27 March 2015

Evaluating Predictions of the UK General Election

The United Kingdom is going to have a general election on May 7th, just over five weeks from now. There are high stakes and a lot of uncertainties, probably more so than usual. Yesterday, David Cameron (Conservative and Prime Minister) and Ed Miliband (Labor and party leader), squared off in parallel interviews with interviewer Jeremy Paxman in a broadcast watched by 12% of the UK TV audience.

These days, where there are elections there are also election forecasters. But political scientists have been doing this for a long while. Back in the early 1990s, when I was in graduate school in political science, I wrote a seminar paper on methodologies of election forecasting, which at that time I took a pretty dim view of (I still do!).

Where prediction is concerned, it is always worth evaluating our forecasts, lest we trick ourselves into thinking we know more than we actually do. So for fun, I am going to evaluate predictions of the upcoming UK elections.

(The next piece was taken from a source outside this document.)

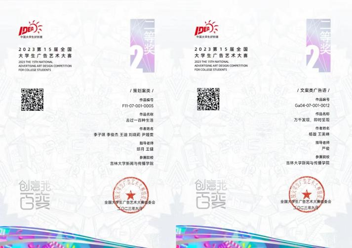 在师生的积极参与和共同努力下,我校作品在一众参赛作品中成功脱颖而出,取得优异成绩,米兰(中国)一站式服务平台暨新闻与传播学院共获得国家二等奖2项,分别为由邱月、王健老师共同指导,学生李子琪、李俊杰、王迪、刘晓莉、尹娅雯共同完成的策划案作品《去过一百种生活》,以及由严俊老师指导,学生杨璇、王美琳共同完成的广告文案作品《万千发现,即时呈现》。另获得国家三等奖3项,国家优秀奖10项。

Courtesy Will Jennings, a political scientist at the University of Southampton @drjennings, via Twitter, below is a summary of various predictions of the outcome of the upcoming election.
The 12 predictions span a huge range, +/-33 seats for the Conservatives and +/-25.5 for Labor. Six of the 12 forecast Labor holding more seats than the Conservatives, and 6 forecast less. With such a wide spread, it is mathematically safe to say that some predictions will be better than others.

I am going to evaluate 2 questions using this data after the results are in.

1. Which forecast showed the most skill?
2. Does the collection of forecasts demonstrate any skill?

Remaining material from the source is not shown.